From Operational Risk to Operational Resilience
The shift in perspective is fundamental:
| Operational Risk | Operational Resilience |
|---|---|
| Prevent failures from happening | Assume failures will happen |
| Measure losses after events | Maintain services during events |
| Focus on individual risks | Focus on end-to-end services |
| Backward-looking (loss data) | Forward-looking (scenario testing) |
| Risk transfer (insurance) | Service continuity (redundancy) |
The COVID-19 pandemic and escalating cyber threats demonstrated that even well-managed firms face disruptions. The question is not whether disruption will occur, but how quickly critical services can be restored.
Regulatory Frameworks
UK Framework (PRA/FCA): The UK pioneered operational resilience regulation with PS6/21 and PS15/21, requiring firms to:
- Identify Important Business Services (IBS)

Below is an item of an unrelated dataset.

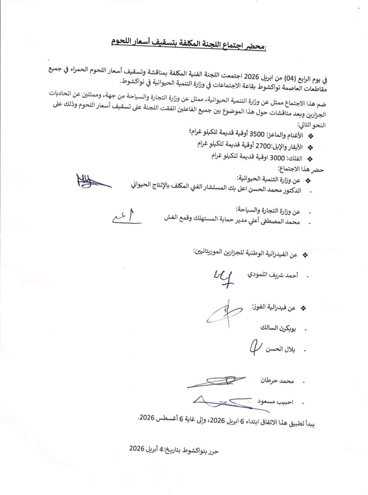 أعلنت الحكومة، اليوم السبت، التوصل إلى اتفاق مع اتحاديات الجزارين يقضي بتسقيف أسعار اللحوم الحمراء، وذلك خلال اجتماع احتضنته وزارة التنمية الحيوانية في نواكشوط.

- Set impact tolerances for maximum tolerable disruption
- Map the resources supporting each IBS
- Test ability to remain within impact tolerances through severe but plausible scenarios
- Full compliance deadline: March 2025
EU Framework (DORA): The Digital Operational Resilience Act (DORA) focuses on ICT resilience:
- ICT risk management frameworks
- ICT incident reporting
- Digital operational resilience testing (including threat-led penetration testing)
- Third-party ICT risk management
- Information sharing
US Framework: US regulators (Fed, OCC, FDIC) issued joint guidance emphasizing:
- Critical operations identification
- Governance and risk management
- Scenario testing and business continuity planning
- Third-party dependency management
Building an Operational Resilience Framework
Step 1: Identify Important Business Services
Map the services your institution delivers to external end-users (customers, market participants, counterparties). These are business services, not internal processes. Examples:
- Processing payments
- Settling securities trades
- Providing market liquidity
- Administering deposits and lending
Step 2: Set Impact Tolerances
For each important business service, define the maximum tolerable disruption — the point at which disruption would cause intolerable harm to consumers, market integrity, or financial stability. Impact tolerances are expressed in terms of:
- Time: Maximum duration of service unavailability
- Data: Maximum acceptable data loss or corruption
- Volume: Minimum transaction throughput during disruption
Step 3: Map Dependencies
For each important business service, map all resources required for delivery:
- People — Key personnel and skills
- Technology — Systems, applications, infrastructure
- Data — Critical data stores and flows
- Facilities — Physical locations and equipment
- Third parties — Vendors, cloud providers, market infrastructure
This mapping reveals single points of failure and concentration risks.
Step 4: Scenario Testing
Test the ability to remain within impact tolerances under severe but plausible scenarios:
- Major cyber attack (ransomware, DDoS)
- Cloud provider outage
- Key vendor failure
- Pandemic/workforce unavailability
- Natural disaster affecting data centers
- Regulatory intervention or sanctions event
Step 5: Remediation and Investment
Identify vulnerabilities where impact tolerances would be breached and invest in:
- System redundancy and failover capability
- Alternative processing arrangements
- Enhanced stress testing procedures
- Improved incident management and communication protocols
Third-Party Risk and Concentration
Financial institutions increasingly depend on a small number of critical third parties — particularly cloud service providers (AWS, Azure, Google Cloud). This creates concentration risk that individual firms cannot fully mitigate.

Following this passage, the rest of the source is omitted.